Many of the tidyverse/dplyr verbs have methods for `sf` objects. This means that given that both `sf` and `dplyr` are loaded, manipulations such as selecting a single attribute will return an `sf` object:
```{r}
library(dplyr)
nc %>% select(NWBIR74) %>% head(2)
```
which implies that the geometry is sticky, and gets added automatically. If we want to drop geometry, we can coerce to `data.frame` first, this drops geometry list-columns:
```{r}
nc %>% as.data.frame %>% select(NWBIR74) %>% head(2)
```
## Subsetting feature sets
We can subset feature sets by using the square bracket notation
```{r}
nc[1, "NWBIR74"]
```
and use the `drop` argument to drop geometries:
```{r}
nc[1, "NWBIR74", drop = TRUE]
```
but we can also use a spatial object as the row selector, to select features that intersect with another spatial feature:
```{r}
Ashe = nc[nc$NAME == "Ashe",]
class(Ashe)
nc[Ashe,]
```
we see that in the result set `Ashe` is included, as the default value for argument `op` in `[.sf` is `st_intersects`, and `Ashe` intersects with itself. We could exclude self-intersection by using predicate `st_touches` (overlapping features don't touch):
```{r}
Ashe = nc[nc$NAME == "Ashe",]
nc[Ashe, op = st_touches]
```
using `dplyr`, we can do the same by calling the predicate directly:
```{r}
nc %>% filter(lengths(st_touches(., Ashe)) > 0)
```
## Aggregating or summarizing feature sets
Suppose we want to compare the 1974 fraction of SID (sudden infant death) of the counties that intersect with `Ashe` to the remaining ones.
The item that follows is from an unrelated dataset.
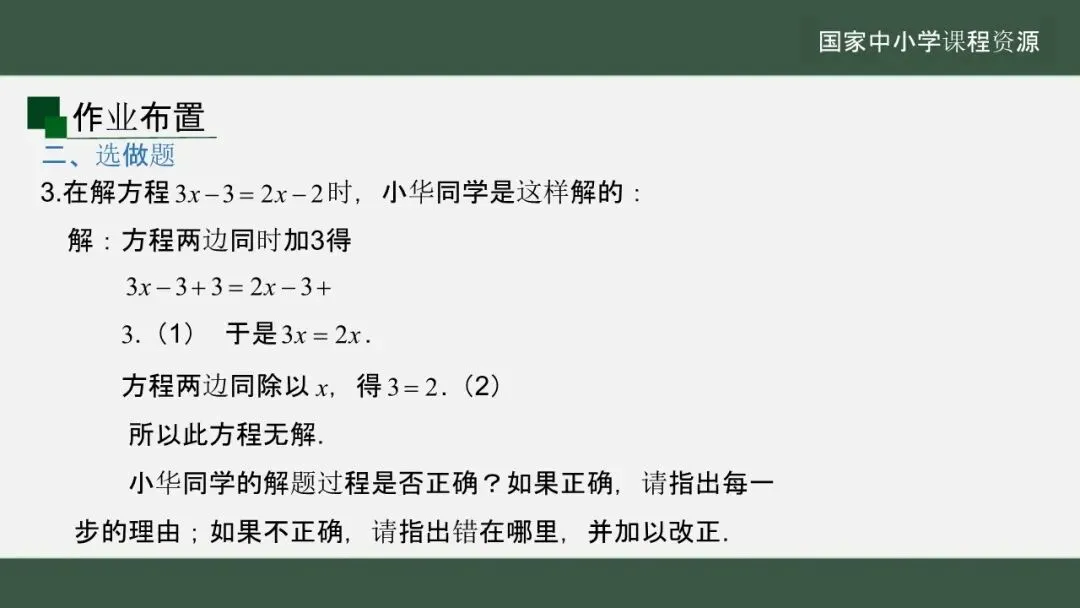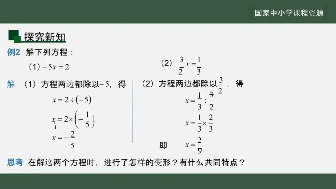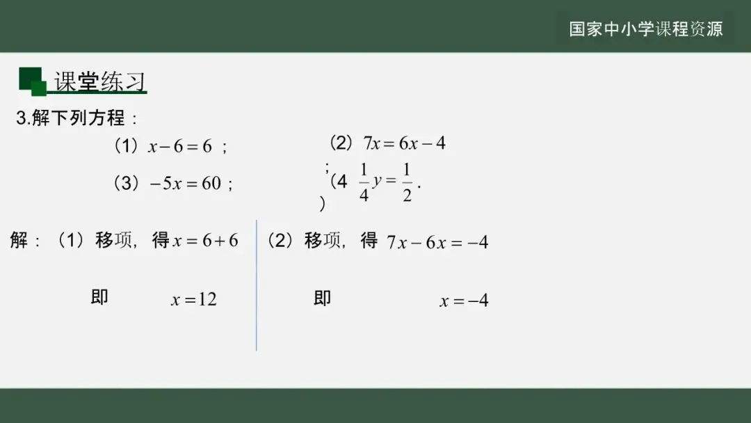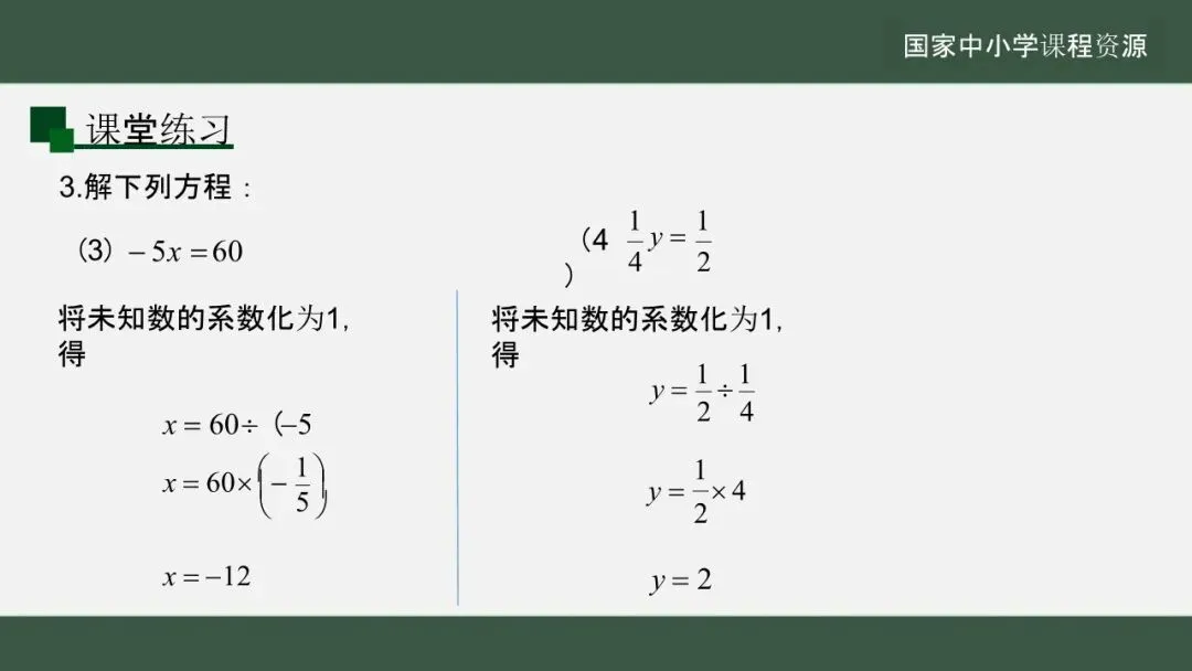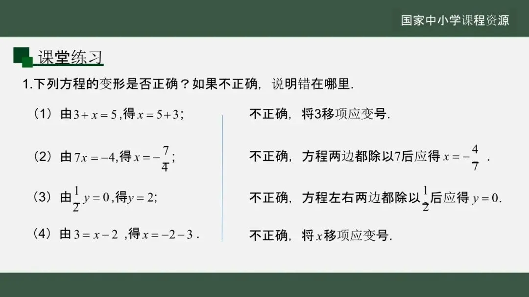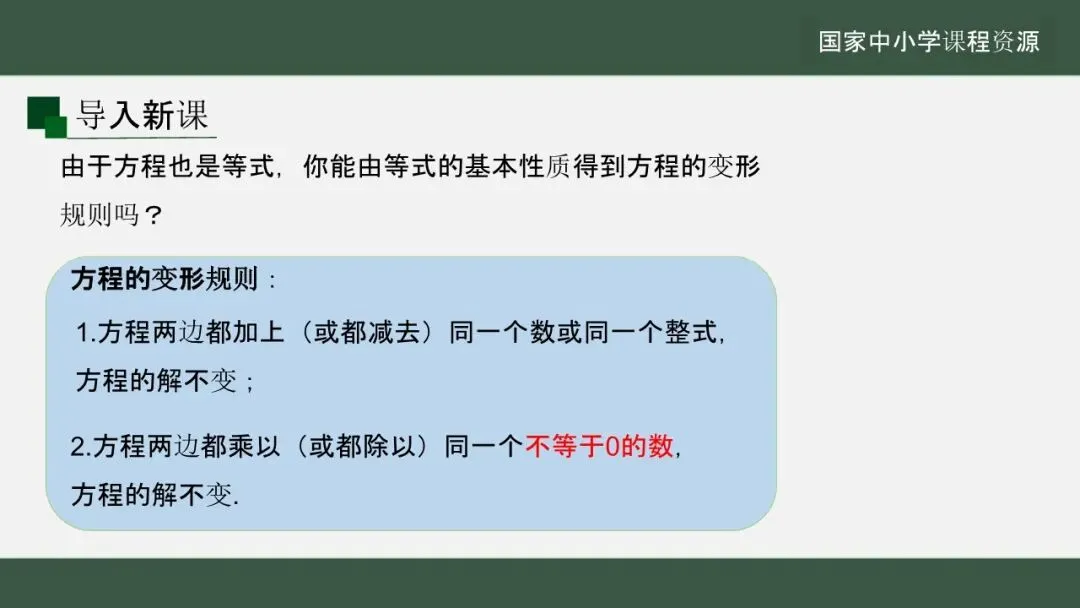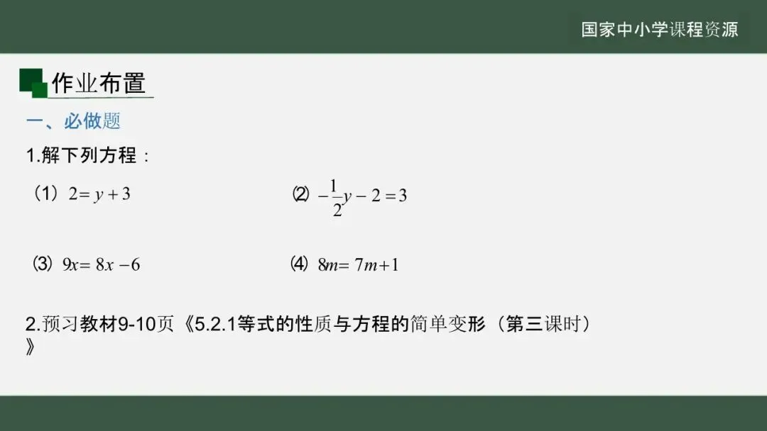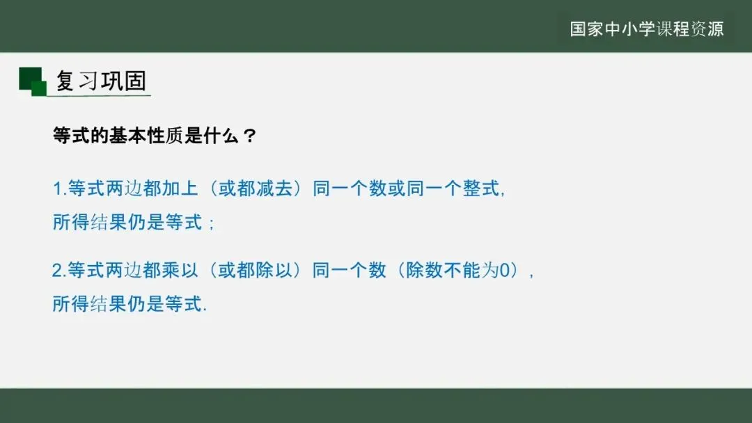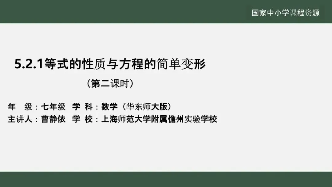 当前位置:首页>课件>【教学课件】(新教材)华师大版初中数学七下《5.2.1 等式的性质与方程的简单变形》第二课时

We can do this by
```{r}
a <- aggregate(nc[, c("SID74", "BIR74")], list(Ashe_nb = lengths(st_intersects(nc, Ashe)) > 0), sum)
(a <- a %>% mutate(frac74 = SID74 / BIR74) %>% select(frac74))
plot(a[2], col = c(grey(.8), grey(.5)))
plot(st_geometry(Ashe), border = '#ff8888', add = TRUE, lwd = 2)
```
## Joining two feature sets based on attributes
The usual join verbs base R (`merge`) and of dplyr (`left_join`, etc) work for `sf` objects as well; the joining takes place on attributes (ignoring geometries). In case of no matching geometry, an empty geometry is substituted. The second argument should be a `data.frame` (or similar), not an `sf` object:
```{r}
x = st_sf(a = 1:2, geom = st_sfc(st_point(c(0,0)), st_point(c(1,1))))
y = data.frame(a = 2:3)
merge(x, y)
merge(x, y, all = TRUE)
right_join(x, y)
```
## Joining two feature sets based on geometries
For joining based on spatial intersections (of any kind), `st_join` is used:
```{r fig=TRUE}
x = st_sf(a = 1:3, geom = st_sfc(st_point(c(1,1)), st_point(c(2,2)), st_point(c(3,3))))
y = st_buffer(x, 0.1)
x = x[1:2,]
y = y[2:3,]
plot(st_geometry(x), xlim = c(.5, 3.5))
plot(st_geometry(y), add = TRUE)
```
The join method is a left join, retaining all records of the first attribute:
```{r}
st_join(x, y)
st_join(y, x)
```
and the geometry retained is that of the first argument.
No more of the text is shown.